Your instructions: Print the listing below a second time, exactly, and omit its images.

Dataset content: Begin

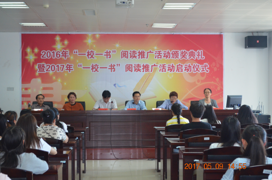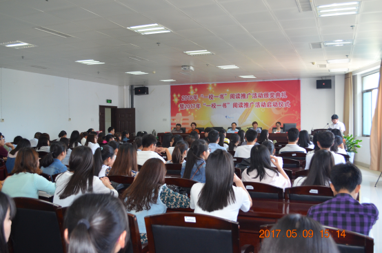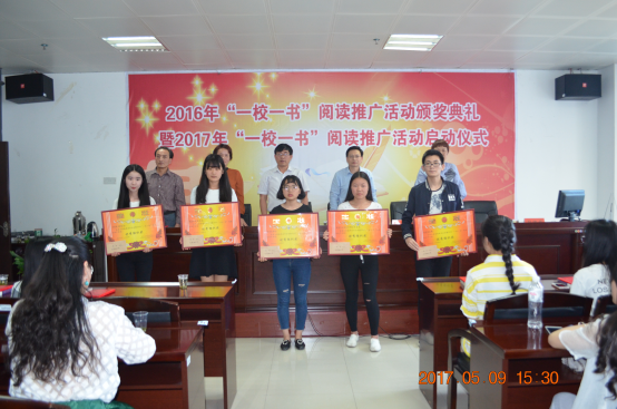 5月9日下午,2016年“一校一书”阅读推广活动颁奖典礼暨2017年“一校一书”启动仪式在图书馆415学术交流中心隆重举行。仪式由图书馆党总支书记夏永全主持,副校长陈志国、图书馆和宣传部的部门负责人、各学院团总支书记、部分社团负责人,获奖的老师和学生共计100余人参加了此次活动。
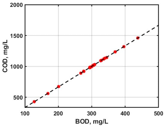 COD vs. BOD of the treated greywater samples (see Table 2 for different factors).
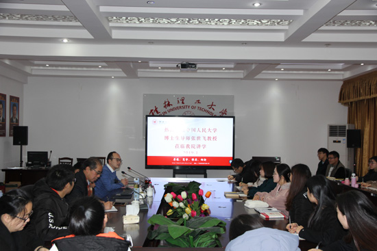 1月11日上午,中国人民大学太阳成集团官方网站博士生导师张世飞教授在雁山校区07415会议室作了题为“习近平关于党的建设重要论述研究”的学术报告。院长助理蒋晓俊副教授主持报告会,全体研究生参加了报告会。

Dataset content: End

Answer for the task:
 5月9日下午,2016年“一校一书”阅读推广活动颁奖典礼暨2017年“一校一书”启动仪式在图书馆415学术交流中心隆重举行。仪式由图书馆党总支书记夏永全主持,副校长陈志国、图书馆和宣传部的部门负责人、各学院团总支书记、部分社团负责人,获奖的老师和学生共计100余人参加了此次活动。
 COD vs. BOD of the treated greywater samples (see Table 2 for different factors).
 1月11日上午,中国人民大学太阳成集团官方网站博士生导师张世飞教授在雁山校区07415会议室作了题为“习近平关于党的建设重要论述研究”的学术报告。院长助理蒋晓俊副教授主持报告会,全体研究生参加了报告会。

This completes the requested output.